I was actually invited to a friends house. But declined due to silly emotional reasons on my part. I'll just hang out alone I thought, it's cool. I mean why should I burden my situation on others? They didn't do it to me. I put myself here. Every single step thats led me into the very seat I type this from. Was taken by my own feet. I can't lay my problems, or any of it on any one thing. I did it, and it's my fault.
Looking back at the last half of this year. It hasn't been good for me. But I'm sure it hasn't been great for others. No use looking for a pity trip, or taking out my anger and frustration on someone else. That's wrong, take for instance something that happened to me this morning at work. I was in the process of hurrying and stocking something. Just dwelving myself into work to escape from it all. When I heard one of my managers grumbling about a power cord. So I bent over where she was searching through a mass of wires to help her find it.
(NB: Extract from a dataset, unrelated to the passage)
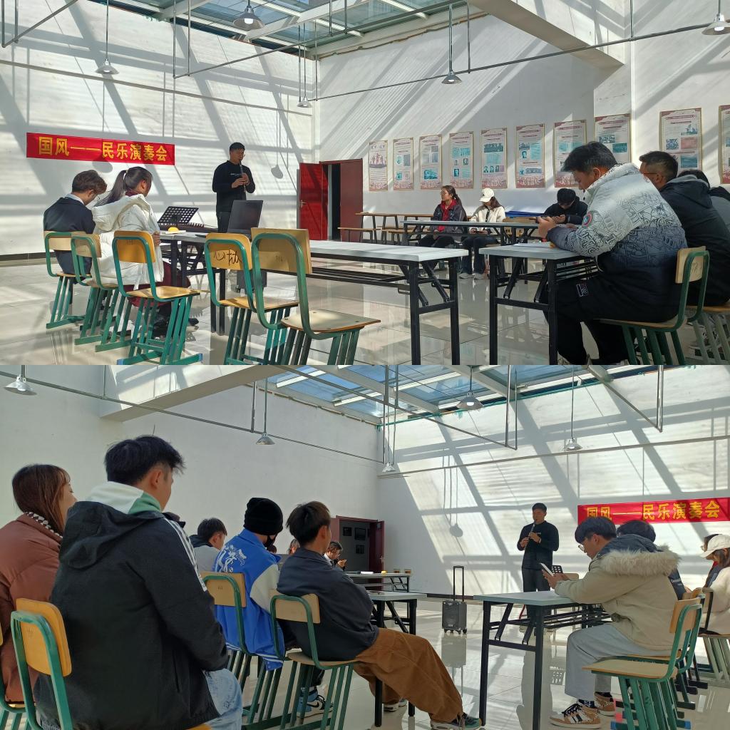 本着为传承与发扬艺术精粹尽一份微薄之力的宗旨,希望通过民族乐器演奏会让更多的人能够认识并了解民乐,了解民族乐器。民乐坊于11月26日中午十二点半在一号活动室举办了国风——民乐演奏会,参加本次活动的有滑板社、清风文学社、汉服社、食品协会、心理协会、太极社、书法协会。

After a good minute she turned to me and loudly, and coldly said "Well WHERE is IT DJ!" while moments earlier than that she was snapping at a friend of mine at work. Which ticked me off, but when she turned and did the same thing to me. I nearly lost it. I didn't show it of course, but I just gave her a look. Thinking if she continued I was going to flip out.
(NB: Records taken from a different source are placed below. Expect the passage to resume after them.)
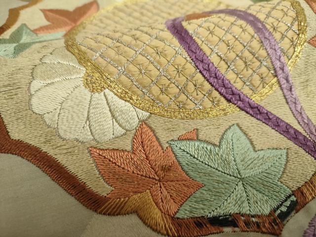 Heiwa-ya Kimono: Antique Taisho Romantic Kimono, featuring the three great Chinese embroidery styles, Sagara embroidery, Maru Obi (circle obi), Koma embroidery, fully hand-embroidered, mirror-back floral design, gold and silver thread, pure silk, exquisite workmanship, DABA1729ps
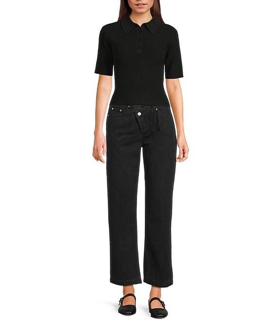 From Mod Ref, this top features: Solid Collared neckline Short sleeves 3-button placket Viscose/nylon Hand wash/hang dry Imported.
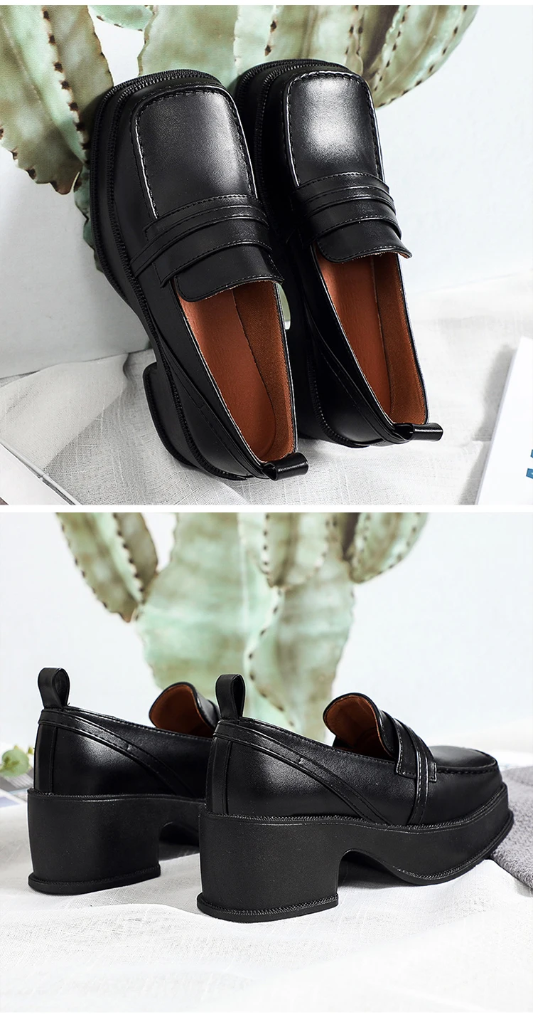 Лоферы женские на массивной подошве, кожаная обувь в стиле Лолита, ...

I don't care who you are, or what sort of things you're dealing with. I don't care what kind of day you're having. DO NOT take it out on someone else. You aren't helping things, you don't or can't make the day better for yourself by making someone elses worse. It's just when she did that, I couldn't help but wonder how she'd feel taking this half a year walk in my shoes. Would she still act grumpy, or is her situation truly large enough I myself would feel bad?
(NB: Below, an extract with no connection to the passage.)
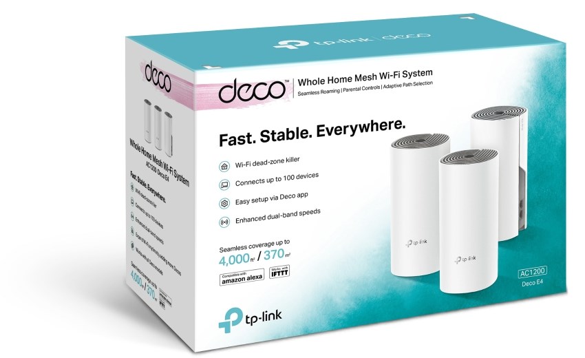 POWER AC adapter input 100-240V~ 50/60Hz 0.3A AC adapter output 12V ⎓ 1A HARDWARE FEATURES Ports 2 10/100Mbps WAN/LAN Ports 1 Power Port Button 1 Reset button on the underside Flash 16 MB SDRAM 128 MB Dimensions 7.5 × 3.6 × 3.6 in. (190.5 × 90.7 × 90.7 mm) Antenna Type 2 internal dual-band antennas per Deco unit WIRELESS FEATURES Wireless Standards IEEE 802.11 ac/n/a 5 GHz IEEE 802.11 b/g/n 2.4 GHz Frequency 2.4 GHz and 5 GHz Signal Rate 867 Mbps at 5 GHz 300 Mbps at 2.4 GHz Transmit Power FCC: <30 dBm CE: <20 dBm (2.4 GHz) <23 dBm (5 GHz) Wireless Security WPA-PSK/WPA2-PSK SOFTWARE FEATURES Quality of Service WMM WAN Type Dynamic IP/Static IP/PPPoE/L2TP/PPTP Management Local Management Remote Managemen DHCP Server Client Firewall Security SPI Firewall Protocols Supports IPv4 and IPv6 Guest Network 2.4 GHz guest network x 1 5 GHz guest network x 1 Working Modes Router Access Point OTHERS Certification CE FCC IC NCC BSMI IDARCM JPA JRF VCCI KC RoHS Package Contents 3 Deco units 3 Power Adapters 1 RJ45 Ethernet Cable Smartphone/Tablet Requirements iOS 9.0 or later Android 4.4 or later Environment Operating Temperature: 0℃~40℃ (32℉~104℉) Storage Temperature: -40℃~70℃ (-40℉~158℉) Operating Humidity: 10%~90% non-condensing Storage Humidity: 5%~90% non-condensing

See, you just don't know either way. You just can't be mean to others. Oh trust me I've found myself wanting to be the ticked off guy. The guy that could snap at someone, make them feel bad and walk away hoping they feel as miserable as I did. But it's just not right. I refuse to truly turn bitter. I have walked this life in the shoes of what I'd like to consider a nice persons. I'm not going to trade them in for something else.
Sure, I'm a bit more emotionally withdrawn now. Not quiet as trusting, I feel slightly resentful. But I will never be mean. I can't do it and I won't do it.
But of course I can't help but wonder at times. Is my efforts to remain a decent person worth it? Did I ever do anything so bad in my past as to wind up on this bleak and gloomy neck of the woods? Though am I really in a postion to judge that either way? Can I justify my past actions and equate them in a future situation. Oh I poked fun at my little brother, so I deserve getting in a car accident in the future?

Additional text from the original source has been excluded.